Но все-таки за ним послали, розвальни, ездила Прасковья Петровна, я же за нее готовила. Она ждала поезда семь часов. В дороге пассажиры вылезали, и Георгий Александрович рубил дрова, потом путь чистили, но — одолели.
Георгий Александрович также прямо и невозмутимо заседал на мешке с сеном, как в коляске, и автомобиле сэра Генри. Так же выглажены, и со складкой были брюки. Лишь усы над византийским подбородком побелели вовсе.
Обогревшись, и оттаявши, прошел к отцу.
— Ну, как вы живете?
Отец ответил тихо:
— Умираю.
Я подошла, поцеловала его в лоб, и поласкала руку — бедную, больную руку с кожей обваренной, мне милой с детства. Он слабо гладил пальцы, и смотрел. Я не забуду взгляда этого. «Ах, я ведь умираю, помоги же, защити».
Я обняла его.
— Ты нынче много лучше выглядишь.
Вздохнул, двинулся на подушке. Георгий Александрович сидел недвижно и рассказывал. На отца глядел с тем же спокойствием, точно какой-нибудь Габиний Марцеллин времен Сенеки наблюдает уход друга, неизбежный. Взор же отца — ко мне. Я его дочь, меня он знает с люльки.

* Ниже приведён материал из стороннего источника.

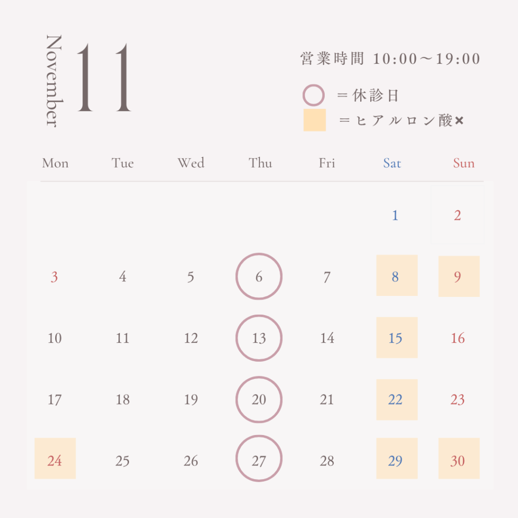 ※ヒアルロン酸対応不可→8日,9日,15日,22日,24日,29日,30日

Я тоже знала, как Георгиевский, что пора отцу, и даже лучше, что уходит. Но кинжал вежливо переворачивался в сердце.
Да, нынешний приезд Георгиевского мало походил на прежний.
— Чем я могу развлечь вас? — говорила я ему. — Вы любите вино, устрицы, спаржу, камамбер, а у нас нет рюмки водки. Сахар мы едим в прикуску. Кофе желудковый. Кашу из ободранной пшеницы.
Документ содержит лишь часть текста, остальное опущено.